**Try it:** Word for word, restate the entries below and exclude every image.

**Items listed in a dataset:**
▬▬▬
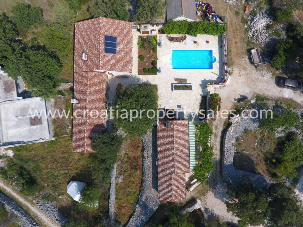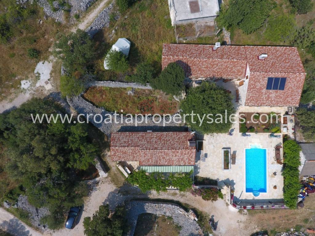Durch die Küche erreichen Sie den zweiten Teil desselben Gebäudes, der zwei Schlafzimmer und ein Badezimmer sowie eine Werkstatt mit einer Innentreppe zum Dachboden hat, die als Speisekammer genutzt wird.
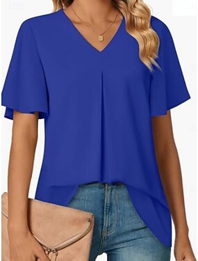 Жен. Футболка Полотняное плетение Мода Современное На каждый день С короткими рукавами V-образный вырез Обычные топы Повседневные выходные Красный Тёмно-синий Небесно-голубой Хаки Лето
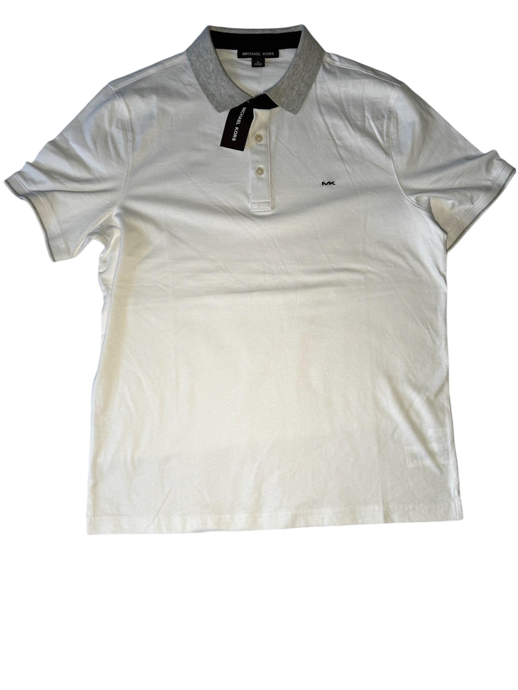 Camisa estilo polo para hombre marca Michael Kors en blanco con logo pequeño y cuello gris
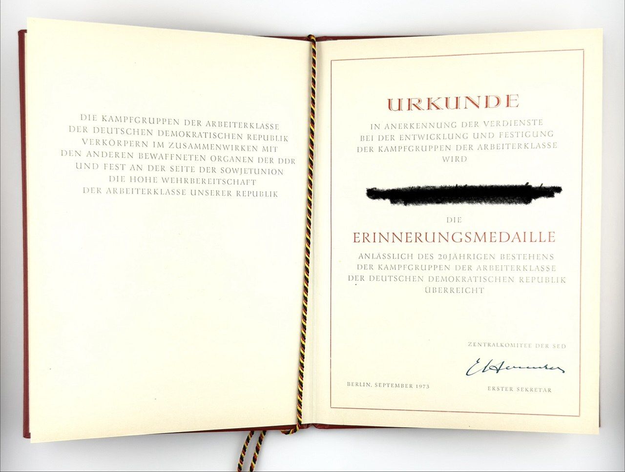 Original DDR Urkunde Zustand: gute Erhaltung
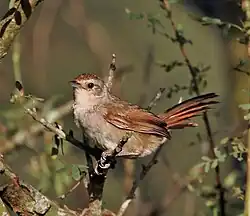 The little thornbird is 13 to 14 cm (5.1 to 5.5 in) long and weighs about 14 to 16 g (0.49 to 0.56 oz). It is the smallest member of its genus. The sexes have the same plumage. Adults have a wide dull buff-whitish supercilium that extends beyond the eye and an indistinct dull brown stripe behind the eye on an otherwise light brownish face. Their forehead is light rufous with pale streaks, their crown and back dull brown, and their rump and uppertail coverts rufescent-tinged brown. Their wings are mostly shades of brown with darker brown primary coverts and some rufescence. Their tail's central pair of feathers are dull brown, the next pair mostly rufous with a brownish outer third, and the rest bright rufous. Their throat and belly are dingy whitish, their breast slightly darker, and their flanks and undertail coverts whitish with a tawny-brown tinge. Their iris is greenish gray to dark brown, their maxilla black to dark gray, their mandible light horn-gray to gray, and their legs and feet gray to pinkish gray. Juveniles have slightly darker upperparts and slightly grayer underparts than adults.[6][7]
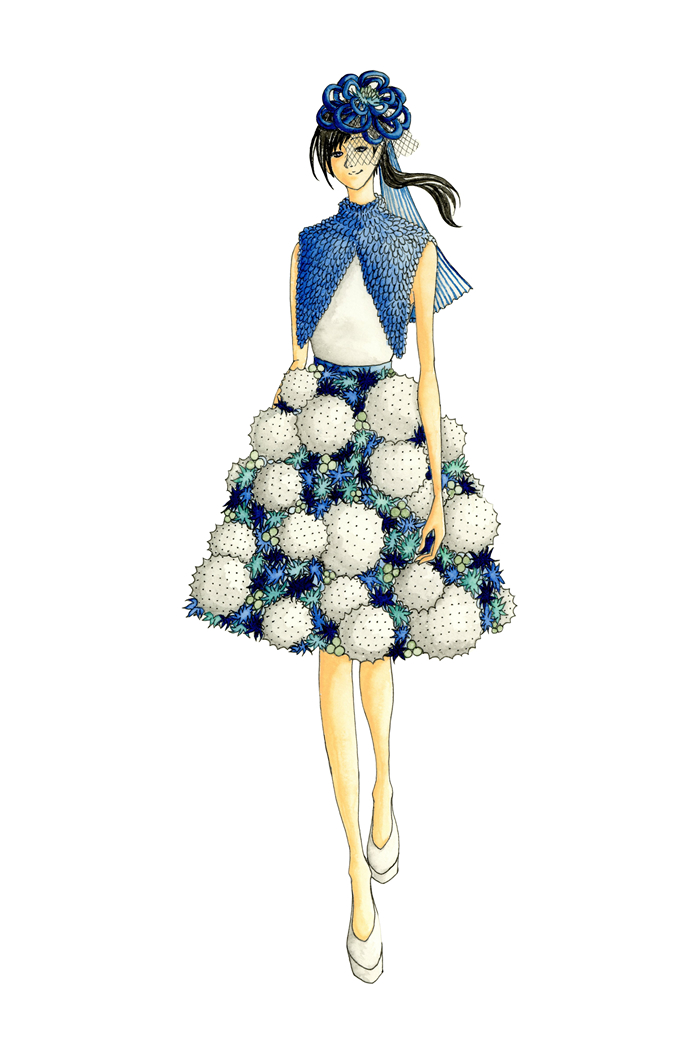 手蜘蛛絞りの絞り糸を外す前の状態のものから生物や植物を連想し、着想を得たデザイン。三浦絞り、手蜘蛛絞り、竜巻絞りの三つの技法を使用し、それぞれの技法の味の違う平面と立体を一つの作品に落とし込んだ。
▬▬▬
**Solution for this problem:**
Durch die Küche erreichen Sie den zweiten Teil desselben Gebäudes, der zwei Schlafzimmer und ein Badezimmer sowie eine Werkstatt mit einer Innentreppe zum Dachboden hat, die als Speisekammer genutzt wird.
 Жен. Футболка Полотняное плетение Мода Современное На каждый день С короткими рукавами V-образный вырез Обычные топы Повседневные выходные Красный Тёмно-синий Небесно-голубой Хаки Лето
 Camisa estilo polo para hombre marca Michael Kors en blanco con logo pequeño y cuello gris
 Original DDR Urkunde Zustand: gute Erhaltung
 The little thornbird is 13 to 14 cm (5.1 to 5.5 in) long and weighs about 14 to 16 g (0.49 to 0.56 oz). It is the smallest member of its genus. The sexes have the same plumage. Adults have a wide dull buff-whitish supercilium that extends beyond the eye and an indistinct dull brown stripe behind the eye on an otherwise light brownish face. Their forehead is light rufous with pale streaks, their crown and back dull brown, and their rump and uppertail coverts rufescent-tinged brown. Their wings are mostly shades of brown with darker brown primary coverts and some rufescence. Their tail's central pair of feathers are dull brown, the next pair mostly rufous with a brownish outer third, and the rest bright rufous. Their throat and belly are dingy whitish, their breast slightly darker, and their flanks and undertail coverts whitish with a tawny-brown tinge. Their iris is greenish gray to dark brown, their maxilla black to dark gray, their mandible light horn-gray to gray, and their legs and feet gray to pinkish gray. Juveniles have slightly darker upperparts and slightly grayer underparts than adults.[6][7]
 手蜘蛛絞りの絞り糸を外す前の状態のものから生物や植物を連想し、着想を得たデザイン。三浦絞り、手蜘蛛絞り、竜巻絞りの三つの技法を使用し、それぞれの技法の味の違う平面と立体を一つの作品に落とし込んだ。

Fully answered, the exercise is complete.